2021年5月29日土曜日

栄次郎江戸暦25 口封じ

 栄次郎江戸暦25  口封じ 小杉健治

 田宮流抜刀術の達人で三味線の名手・矢内栄次郎は、太物問屋「和泉屋」の大広間で開かれた会に地方として三味線を握っていた。宴会の途中、主人・籐右衛門が匕首を握った男に襲われたところを栄次郎が救った。和泉屋の主人から紹介されたのは小間物屋「新田屋」の伊佐治だった。伊佐治は夫婦で籐右衛門に恩があると言った。

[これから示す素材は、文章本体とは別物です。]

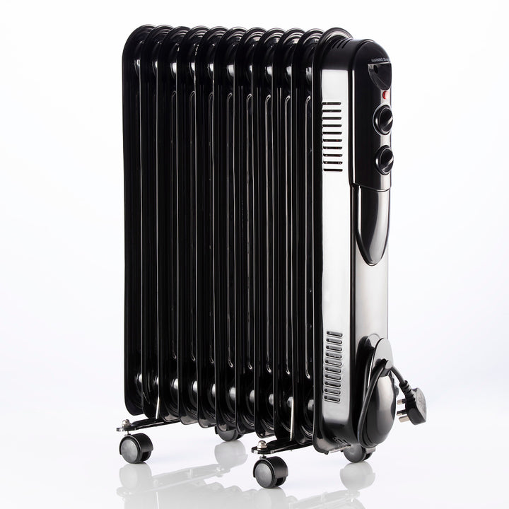 The Daewoo 11-fin oil filled radiator is simple to use thanks to its dial controls to adjust the heater's temperature. Set on 4 castor wheels the heater is portable so you can position it where you need it most. The radiator also features a tip-over switch, overheat protection, and an LED indicator light to ensure safety and guard against accidents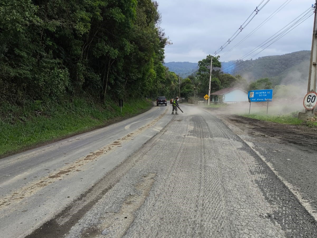 “Decidimos, por determinação do governador Jorginho Mello, revitalizar todo o trecho. A roçada já fizemos, estamos trabalhando na limpeza das bordos, remendos profundos e depois nas canaletas e na sinalização”, explica Jerry Comper, salientando que a SC-114 entre Taió e Salete recebe grande fluxo de caminhões. A região é forte na indústria madeireira, na suíno e avicultura e também na fumicultura.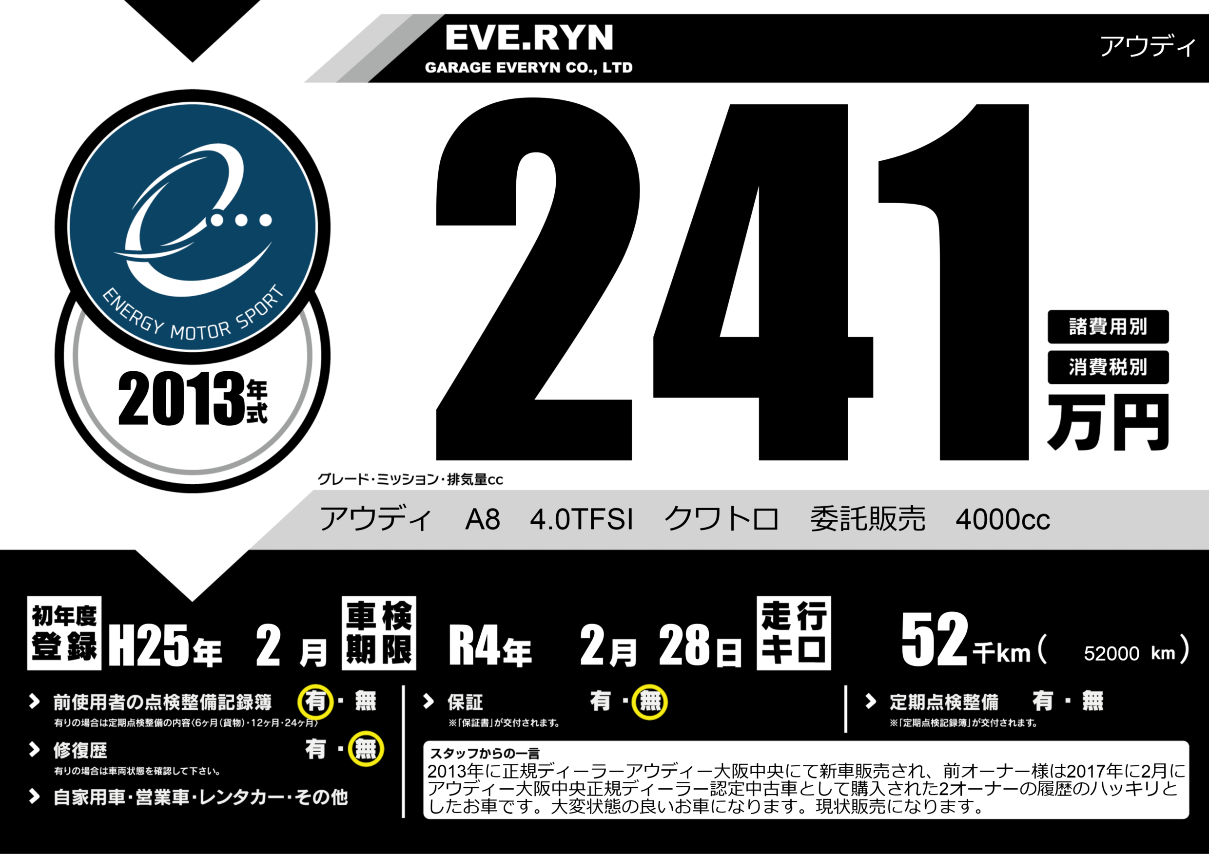 | 車名 | アウディ | グレード ミッション 排気量 |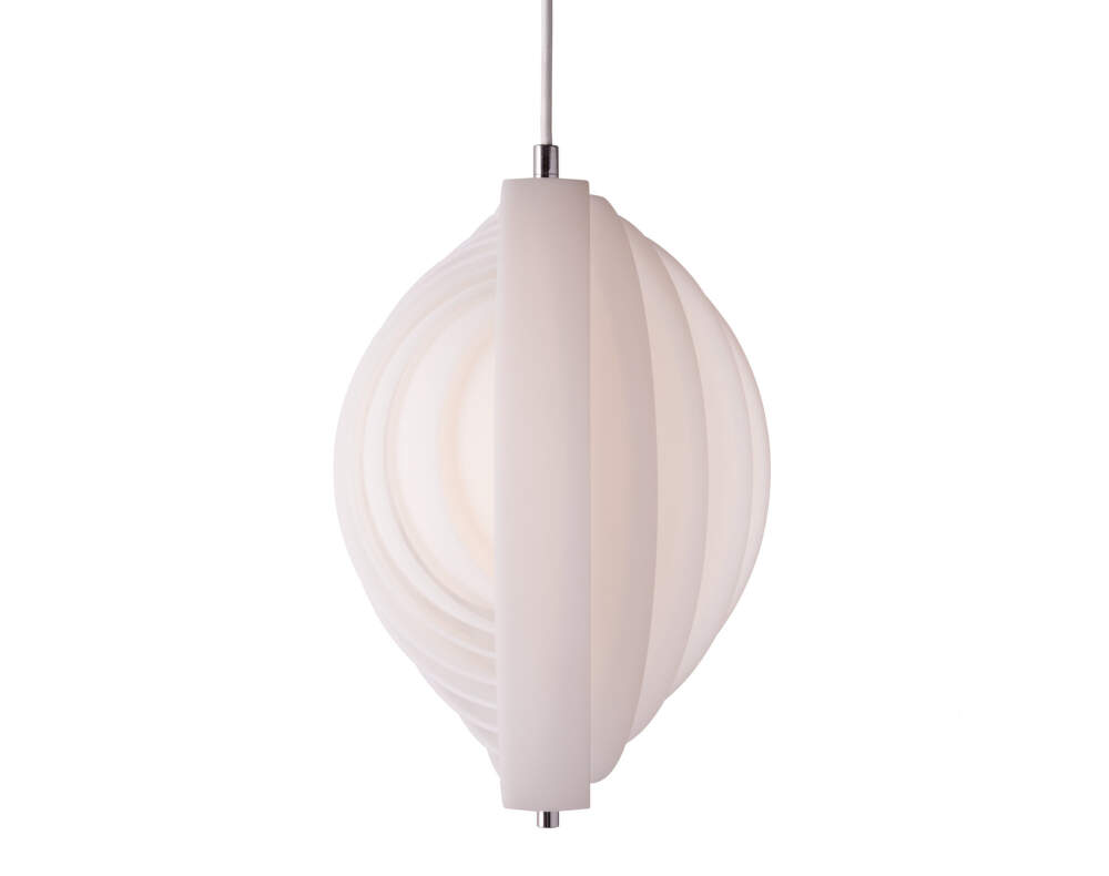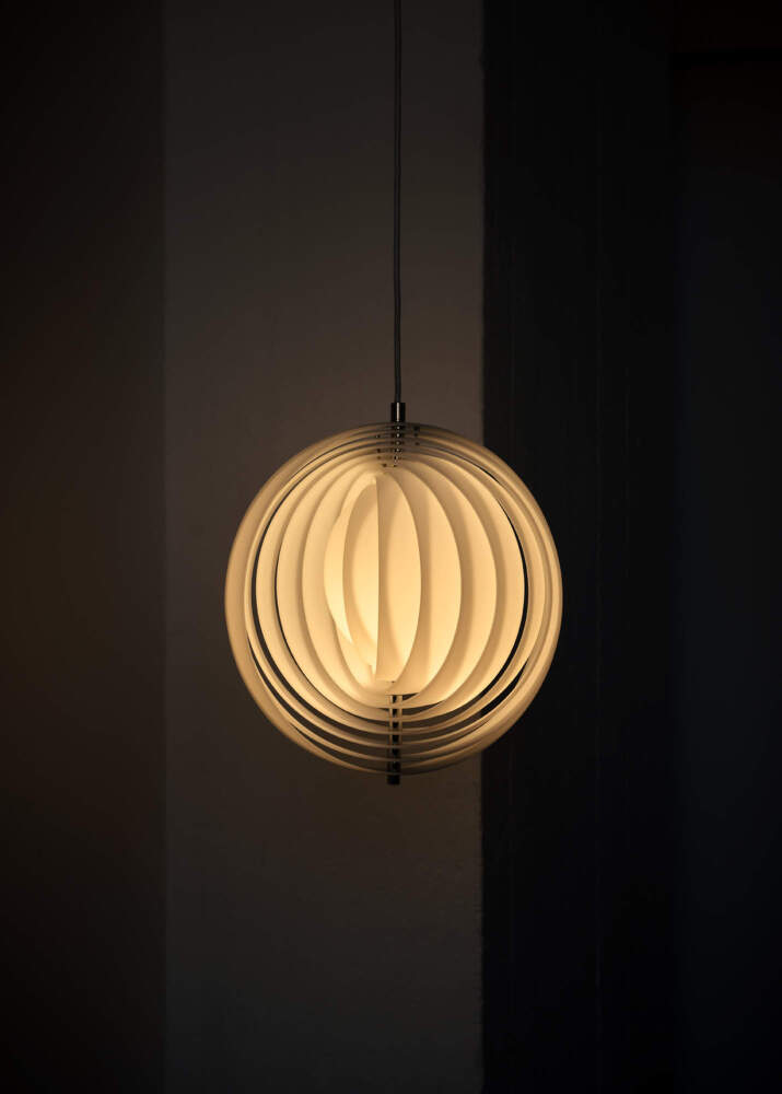 Závěsné svítidlo Moon vychází z raného návrhu Vernera Pantona z roku 1960 a představuje jednu z nejčistších ukázek jeho práce se světlem jako s formotvorným prvkem. Charakteristické vějířovité uspořádání deseti kruhových lamel vytváří dynamickou siluetu, která se proměňuje podle úhlu pohledu a dodává prostoru vizuální hloubku.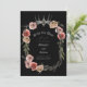 Beautiful frame with roses, leaves, and thorns enclose your save the date announcement information. Black letter calligraphy typography adds to the elegant look. Perfect for a gothic wedding save the date announcement. See coordinating items in our shop, Enchanted Finch.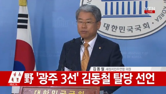 | ▲ 광주 출신 3선인 김동철 새정치민주연합 의원은 20일 국회 정론관에서 기자회견을 갖고 탈당을 선언, 안철수 무소속 의원의 신당 세력에 합류할 뜻을 밝혔다./사진=YTN 뉴스 캡처 |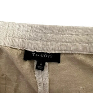 Talbots Women's Linen Pants Size 10 Beige Straight Leg Drawstring Waist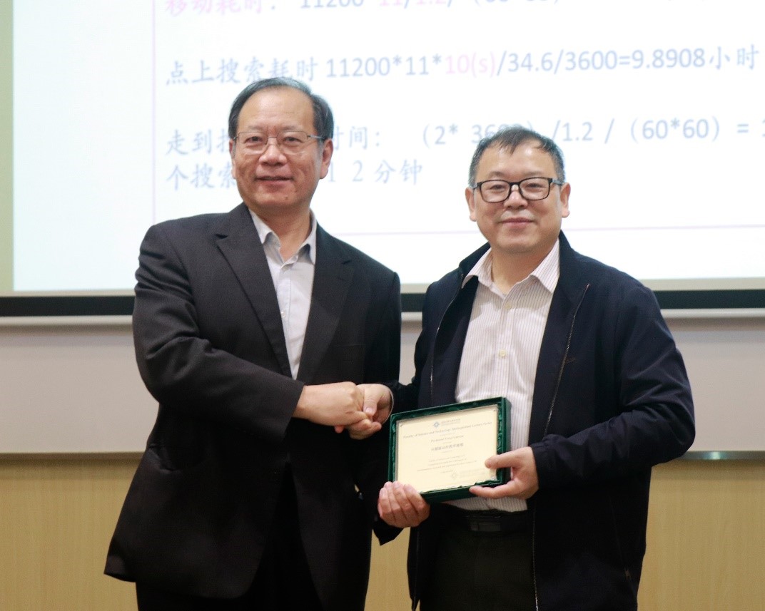 理工科技学院院长潘建新教授向冯教授赠送纪念品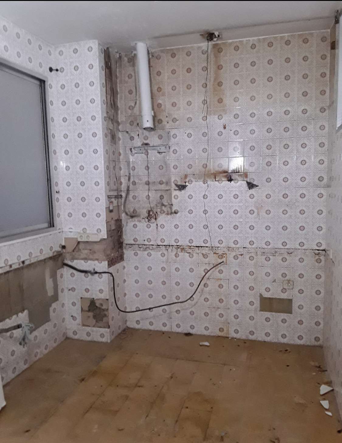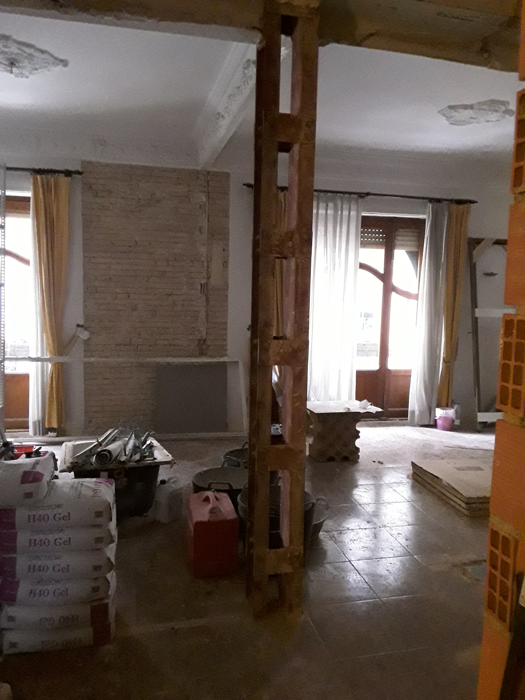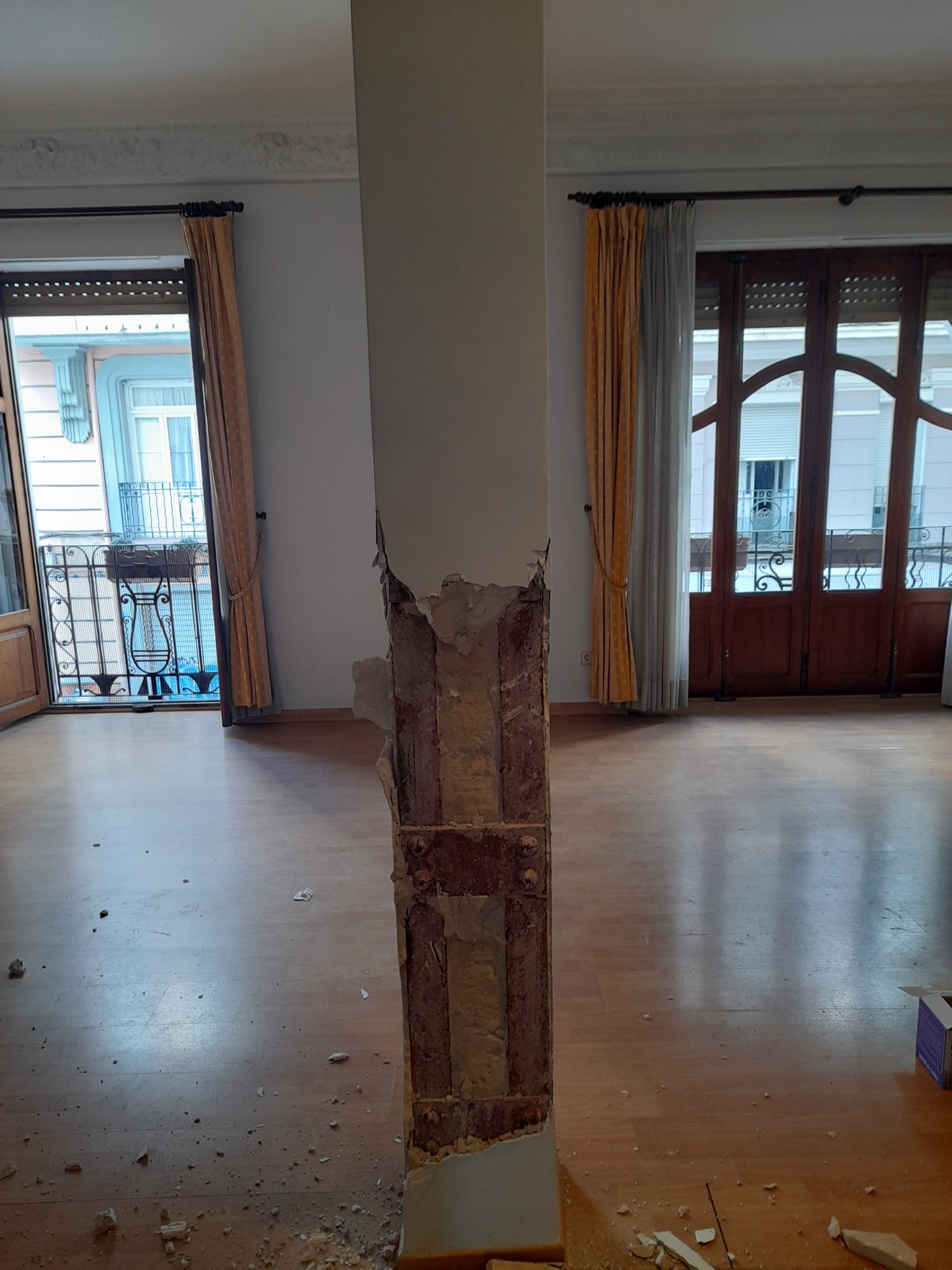 El pilar central se encontraba oculto tras un cajón de obra. Tras la demolición del revestimiento, nos encontramos con una viga de hierro antigua con signos de oxidación superficial.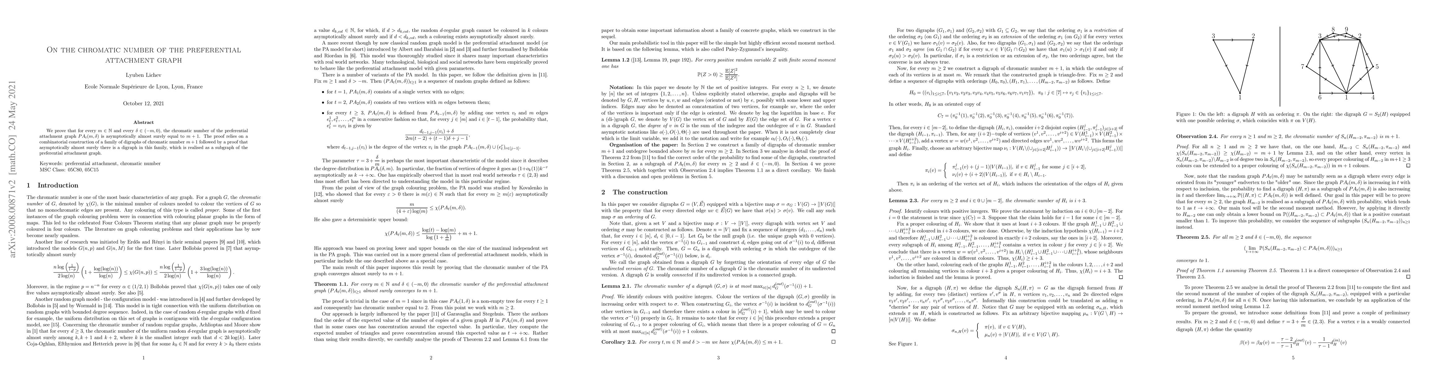 We prove that for every $m\in \mathbb N$ and every $\delta\in (-m,0)$, the chromatic number of the preferential attachment graph $PA_t(m, \delta)$ is asymptotically almost surely equal to $m+1$. The proof relies on a combinatorial construction of a family of digraphs of chromatic number $m+1$ followed by a proof that asymptotically almost surely there is a digraph in this family, which is realised as a subgraph of the preferential attachment graph.

 籐右衛門の命を狙う者の心当たりの中に家を出ている息子・籐吉がいた。命を狙われていることを言えなかった。
 伊佐治は元盗賊だった。元の仲間から和泉屋を狙っていることを聞く。前は殺しをしなかったが、和泉屋の命も狙っていることを聞く。伊佐治は新しく頭になった元仲間・鮫蔵を探し出し刺し違えて止めようとする。
 栄次郎は籐右衛門の命を狙った者、籐右衛門の付き合いのある者から屋敷内に盗賊を住まわせている旗本を割り出した。そして小普請支配・旗本大河内主水が割り出された。大河内は和泉屋の主人から千両を借りていた。籐吉は大河内の屋敷に居り、大河内の用人は籐右衛門を殺して借金の返済を無くそうとした。旗本は盗賊を使い盗賊に籐右衛門を殺させようとした。

 栄次郎は伊佐治の過去を知られないようにした。鮫蔵は捕まり旗本との関係を白状した。用人は切腹した。

 栄次郎に養子話がある。兄の結婚相手・大城美津の知り合いの二千石の旗本・織部平八郎の娘・容だった。